─── Source data ───
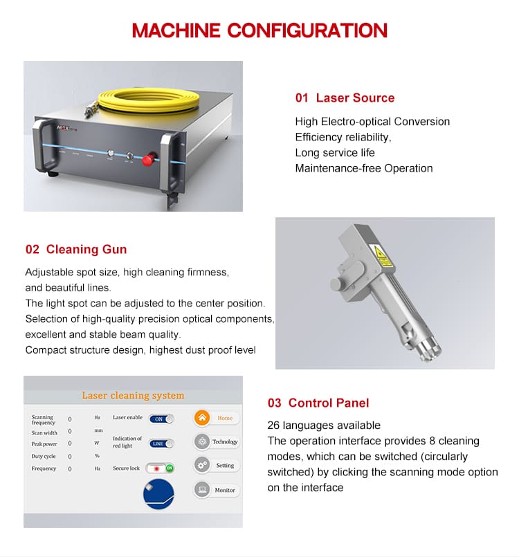 Jako bezkontaktní laserový čisticí stroj nepoškozuje substrát dílů, žádné spotřební materiály nešetří energii a ochranu životního prostředí a dokáže účinně odstraňovat pryskyřici, olej, skvrny, špínu/rez, povlaky, povlaky a barvy z povrchu obrobku, aby splnil požadavky na čištění na komplexní modelování a jemné polohování v oblasti průmyslového zpracování, dosáhl vyššího stupně čistoty čisticího efektu a výrobních výhod při nižších komplexních nákladech.
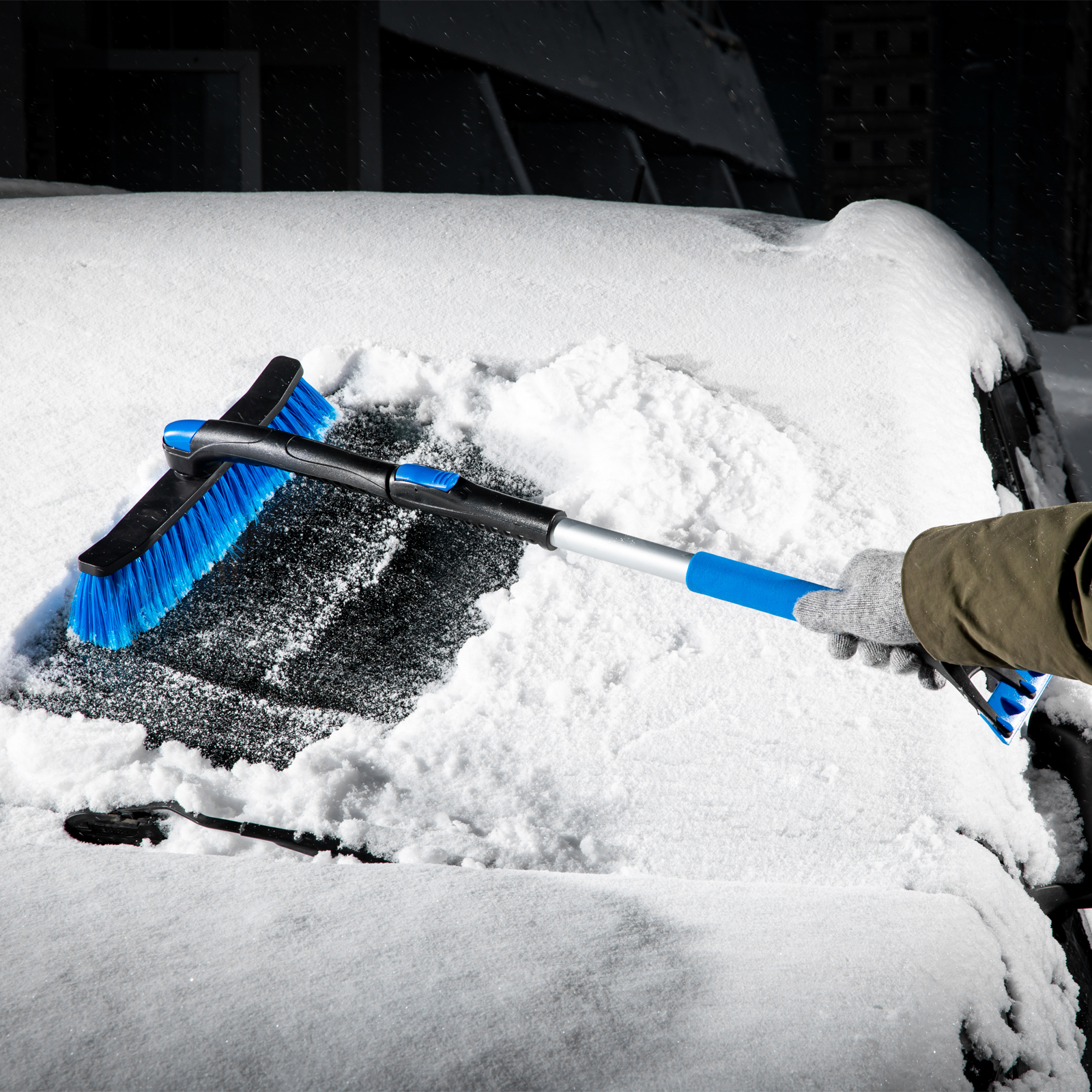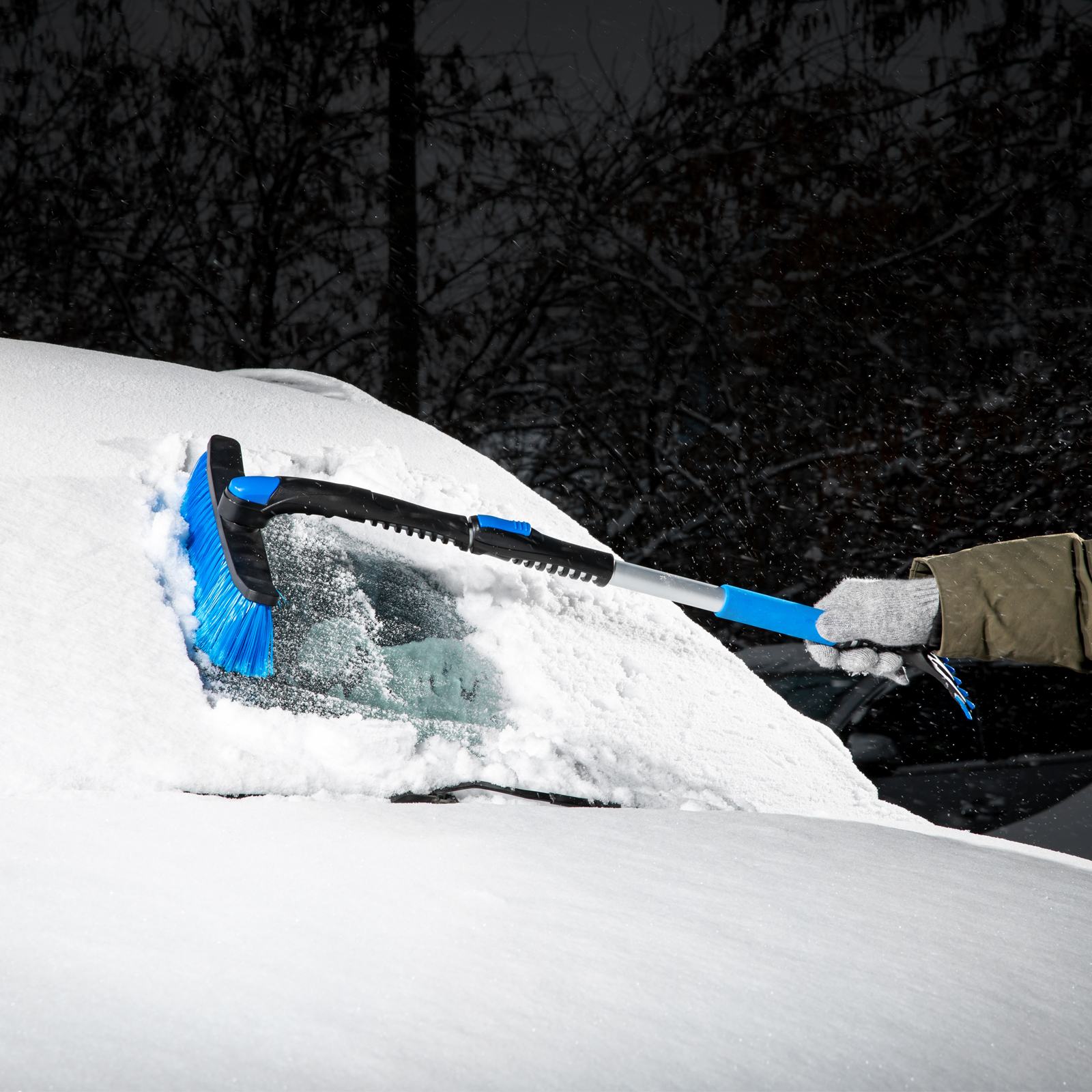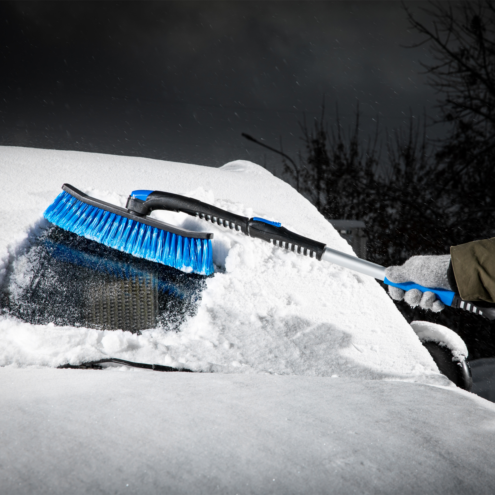 Телескопическая щетка-сметка для снега Барс 55324 со скребком используется для удаления снега и наледи с кузова и стекол автомашины. Лакокрасочное покрытие не царапается, поскольку плотная щетина распушена на кончиках. Щетка-скребок будет полезна владельцам автомобилей.
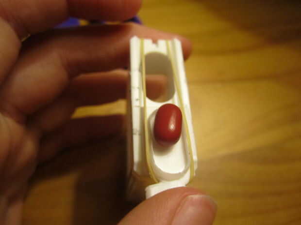 1. Open the lid a little bit.2. Incline hacia abajo sosteniendo la tapa parcialmente abierta.3. se carga un tic tac en el sello oval.4. manteniendo la tapa horizontal (para sujetar el Tic tac cargado) gire la caja completamente vertical.5. el resulta
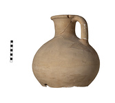 | Description: | Many joining fragments mending to three, with a number of small pieces not joining. Most of neck and rim, and much of shoulder preserved, with most of the vertical handle; also part of one side, with one horizontal handle; and wall fragments. Nothing of lower wall or base preserved. Rounded body; thickened lip, projecting; rolled handles. Substantial fabric; pinkish clay with bits; smooth light buff slip. ADDENDA Fragments in paper bag [15 February 1957]. | |
───
= Required action =
Output the complete listing exactly. Pictures stay out.

= Output of the exercise =
 Jako bezkontaktní laserový čisticí stroj nepoškozuje substrát dílů, žádné spotřební materiály nešetří energii a ochranu životního prostředí a dokáže účinně odstraňovat pryskyřici, olej, skvrny, špínu/rez, povlaky, povlaky a barvy z povrchu obrobku, aby splnil požadavky na čištění na komplexní modelování a jemné polohování v oblasti průmyslového zpracování, dosáhl vyššího stupně čistoty čisticího efektu a výrobních výhod při nižších komplexních nákladech.
 Телескопическая щетка-сметка для снега Барс 55324 со скребком используется для удаления снега и наледи с кузова и стекол автомашины. Лакокрасочное покрытие не царапается, поскольку плотная щетина распушена на кончиках. Щетка-скребок будет полезна владельцам автомобилей.
 1. Open the lid a little bit.2. Incline hacia abajo sosteniendo la tapa parcialmente abierta.3. se carga un tic tac en el sello oval.4. manteniendo la tapa horizontal (para sujetar el Tic tac cargado) gire la caja completamente vertical.5. el resulta
 | Description: | Many joining fragments mending to three, with a number of small pieces not joining. Most of neck and rim, and much of shoulder preserved, with most of the vertical handle; also part of one side, with one horizontal handle; and wall fragments. Nothing of lower wall or base preserved. Rounded body; thickened lip, projecting; rolled handles. Substantial fabric; pinkish clay with bits; smooth light buff slip. ADDENDA Fragments in paper bag [15 February 1957]. | |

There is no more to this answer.